From the entries that follow, copy each line in which "fabric" appears.

(EXERCISE DATA begins)

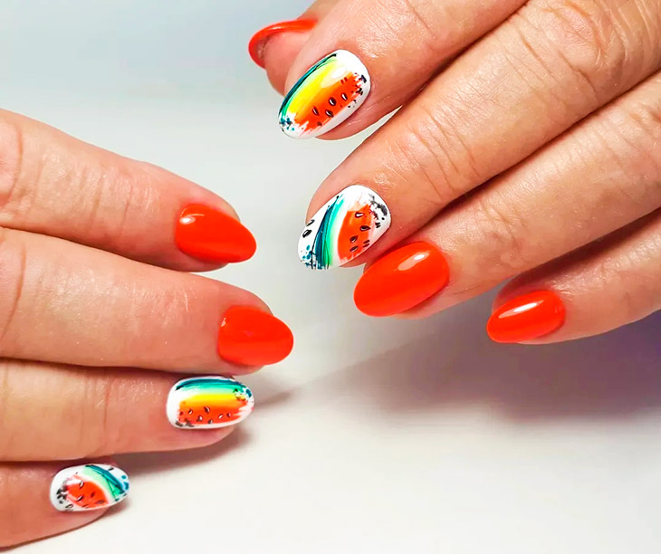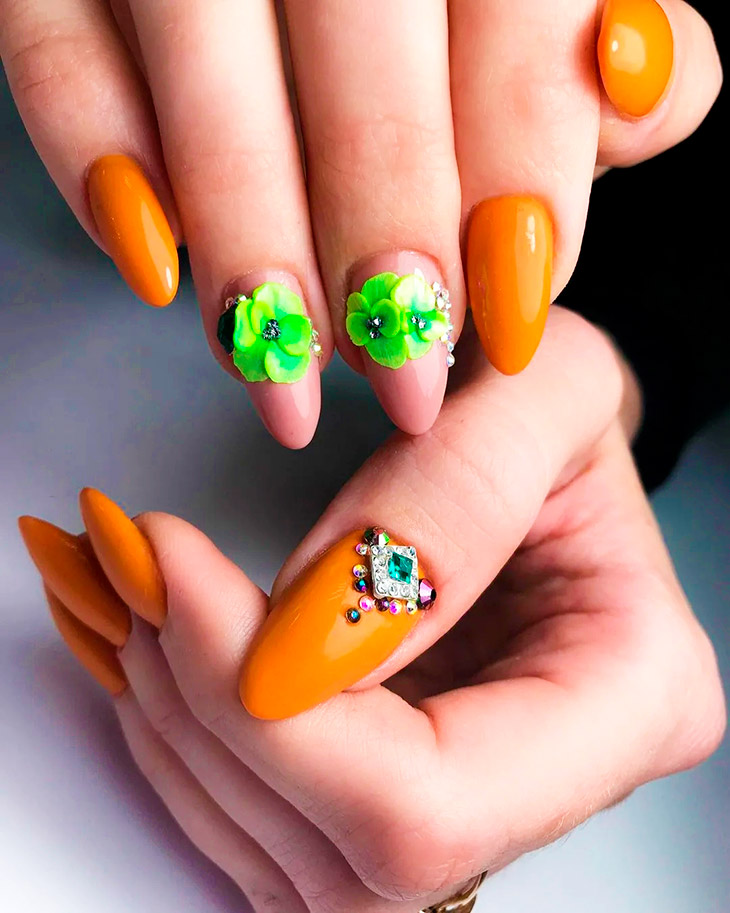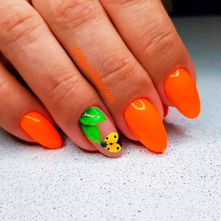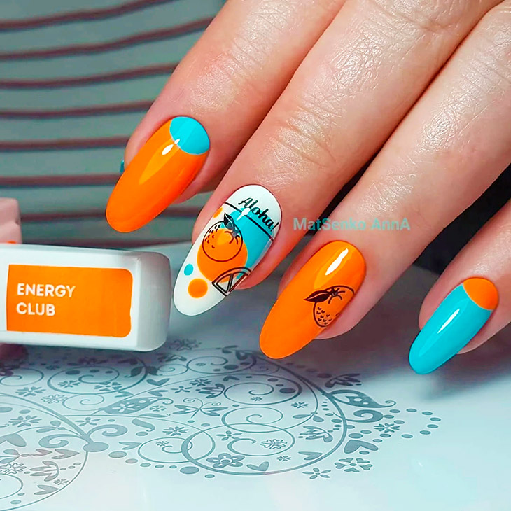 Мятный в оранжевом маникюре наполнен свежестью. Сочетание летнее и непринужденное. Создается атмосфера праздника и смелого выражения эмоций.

(EXERCISE DATA ends)
(EXERCISE DATA begins)

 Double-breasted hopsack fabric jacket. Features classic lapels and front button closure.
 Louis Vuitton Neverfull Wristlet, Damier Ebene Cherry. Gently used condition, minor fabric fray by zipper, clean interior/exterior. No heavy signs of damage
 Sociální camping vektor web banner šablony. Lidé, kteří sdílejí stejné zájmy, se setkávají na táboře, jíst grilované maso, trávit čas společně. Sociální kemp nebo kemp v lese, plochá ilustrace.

(EXERCISE DATA ends)

_ANSWER TO THIS EXERCISE_
 Double-breasted hopsack fabric jacket. Features classic lapels and front button closure.
 Louis Vuitton Neverfull Wristlet, Damier Ebene Cherry. Gently used condition, minor fabric fray by zipper, clean interior/exterior. No heavy signs of damage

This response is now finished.